Feature Extraction

The nano-lob crate provides comprehensive feature extraction from order book snapshots for machine learning models. These features capture market microstructure signals used to predict short-term price movements.

LobFeatureExtractor

The core feature extraction engine extracts 44+ features from the order book state.

Initialization

use nano_lob::features::LobFeatureExtractor;

// Default: tick_size=0.25, qty_scale=100.0
let extractor = LobFeatureExtractor::new();

// Custom parameters for different instruments
let extractor = LobFeatureExtractor::with_params(
    0.25,   // tick_size: ES/NQ futures
    100.0,  // qty_scale: normalize quantities
);

Source: nano-lob/src/features.rs:58-74

Feature Structure

pub struct LobFeatures {
    // Price-based features
    pub microprice: f64,           // Volume-weighted mid price
    pub weighted_mid: f64,         // Depth-weighted mid price
    pub spread: f64,               // Bid-ask spread in ticks
    pub mid_price: f64,            // Simple mid price
    pub best_bid: f64,
    pub best_ask: f64,
    
    // Imbalance features
    pub imbalance_l1: f64,         // Level 1 imbalance (-1 to +1)
    pub imbalance_total: f64,      // Total depth imbalance
    
    // Depth features
    pub bid_depth: f64,            // Total bid quantity (normalized)
    pub ask_depth: f64,            // Total ask quantity (normalized)
    pub bid_levels: [f64; 10],     // Bid quantity at each level
    pub ask_levels: [f64; 10],     // Ask quantity at each level
    pub bid_cumulative: [f64; 10], // Cumulative bid depth
    pub ask_cumulative: [f64; 10], // Cumulative ask depth
}

Source: nano-lob/src/features.rs:10-40

Core Features

Microprice

The microprice is a volume-weighted mid price that accounts for the liquidity at the best bid and ask:

microprice = (bid * ask_qty + ask * bid_qty) / (bid_qty + ask_qty)

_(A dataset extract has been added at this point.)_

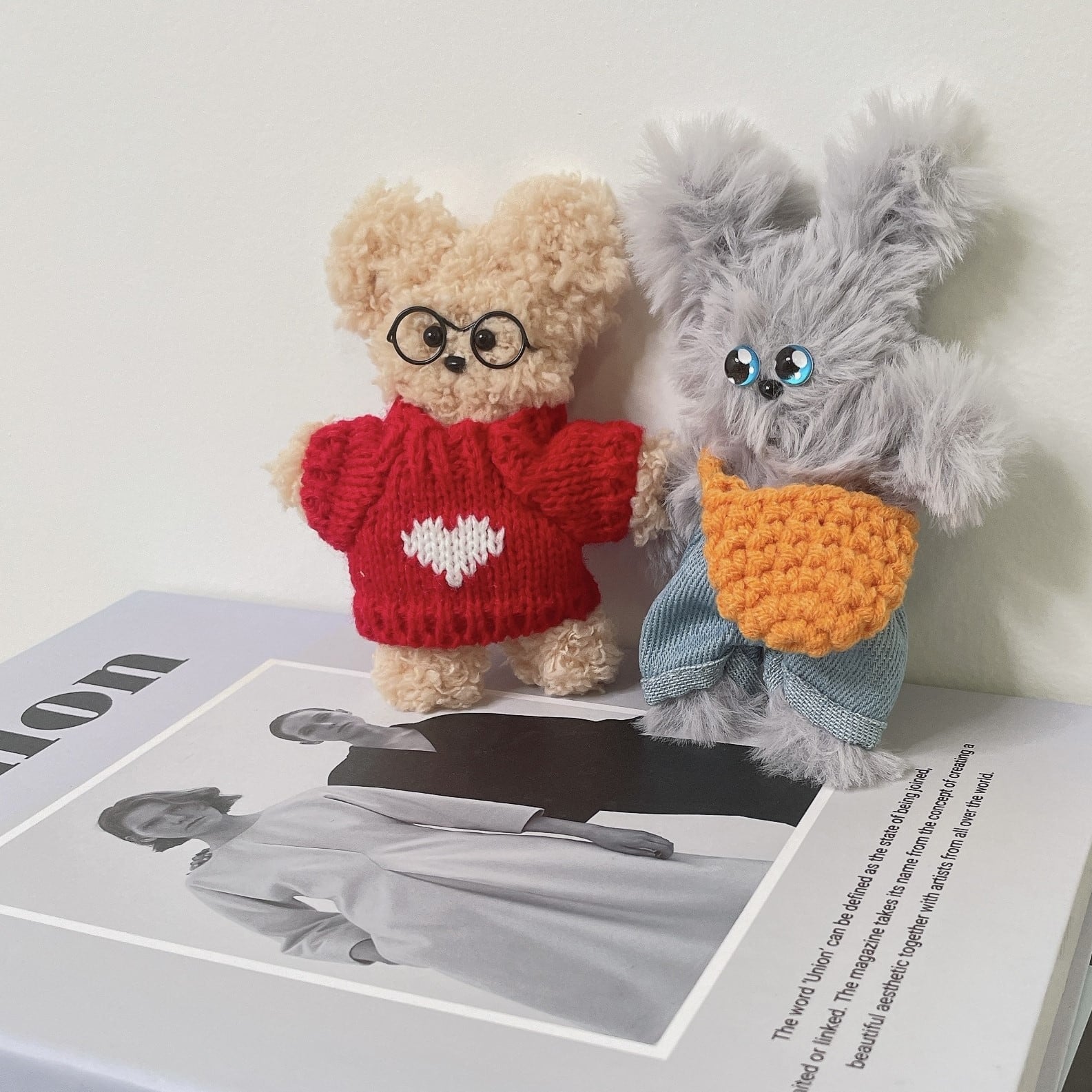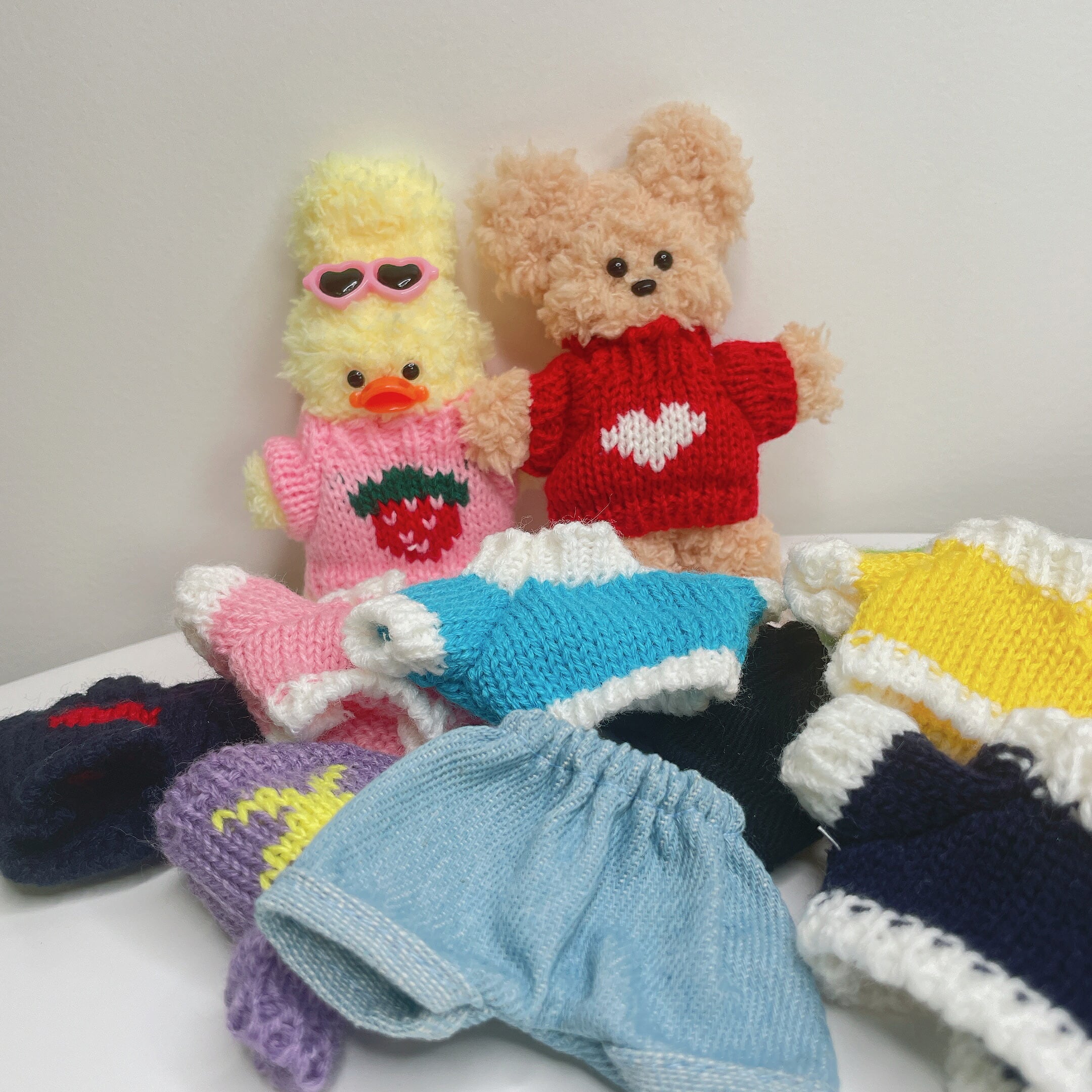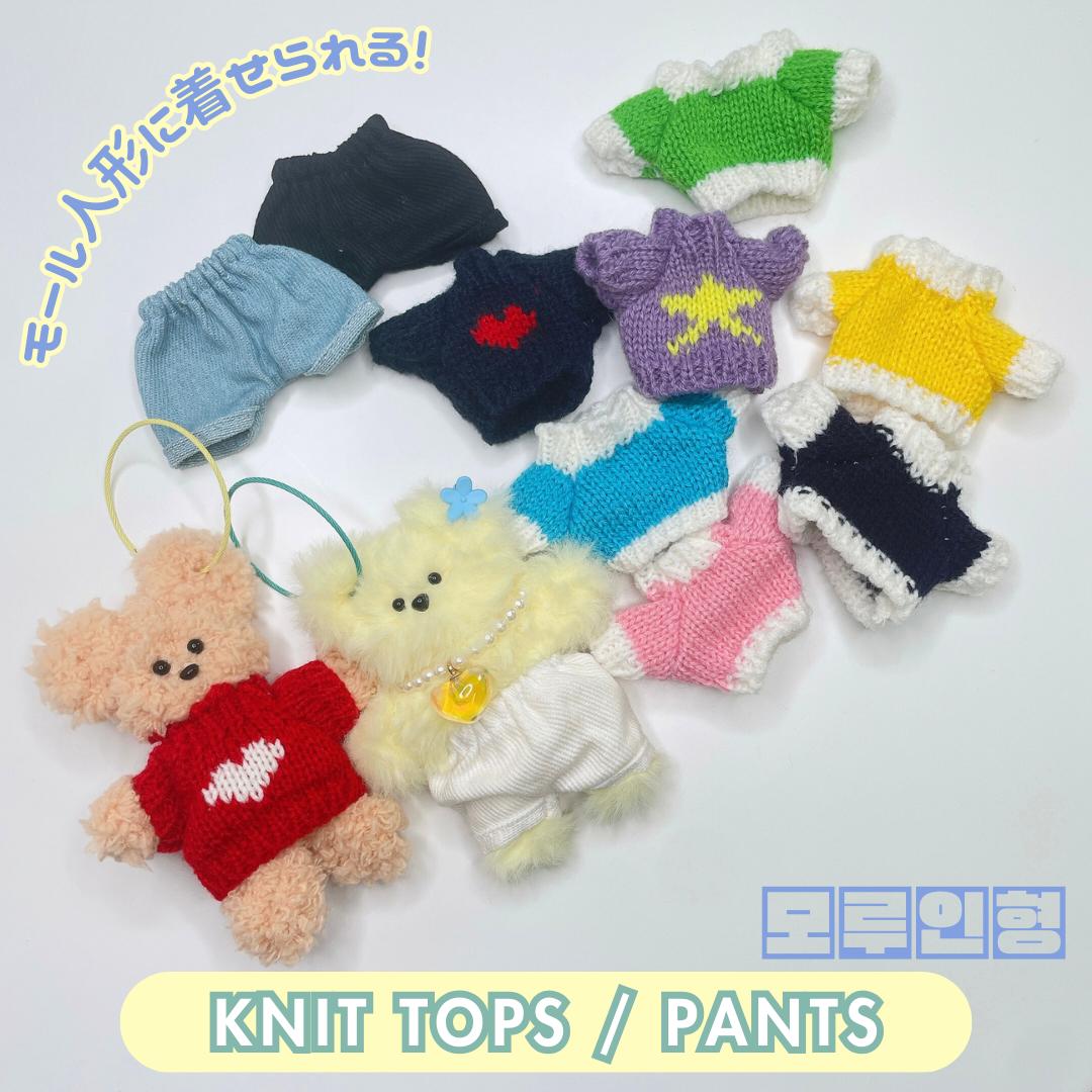 韓国でも話題沸騰中の"????(モール人形)"に着せることのできる人形やぬいぐるみ用のニットとパンツ。

This provides a more accurate estimate of the “fair” price than the simple mid:

let microprice = extractor.microprice(&book).unwrap();

// Example calculation:
// bid = 5000.00, bid_qty = 100
// ask = 5000.25, ask_qty = 50
// microprice = (5000.00 * 50 + 5000.25 * 100) / 150
//            = (250000 + 500025) / 150
//            = 5000.17

Implementation:

let total_bbo_qty = bid_q + ask_q;
if total_bbo_qty > 0.0 {
    features.microprice = (bid * ask_q + ask * bid_q) / total_bbo_qty;
} else {
    features.microprice = features.mid_price;
}

Source: nano-lob/src/features.rs:96-102, 158-174

Weighted Mid Price

Weights multiple price levels by inverse distance and quantity:

let weighted_mid = extractor.weighted_mid(&book, 5).unwrap();

// Weight = 1 / (level + 1)
// Level 1: weight = 1.0
// Level 2: weight = 0.5
// Level 3: weight = 0.33
// ...

Implementation:

for i in 0..levels {
    let weight = 1.0 / (i as f64 + 1.0);
    
    if let Some(level) = book.bid_level(i) {
        let qty = f64::from(level.quantity.value());
        bid_sum += level.price.as_f64() * qty * weight;
        bid_weight_sum += qty * weight;
    }
    // ... same for ask side
}

weighted_mid = (bid_sum + ask_sum) / (bid_weight_sum + ask_weight_sum)

Source: nano-lob/src/features.rs:176-206

Book Imbalance

Measures the imbalance between bid and ask liquidity:

imbalance = (bid_qty - ask_qty) / (bid_qty + ask_qty)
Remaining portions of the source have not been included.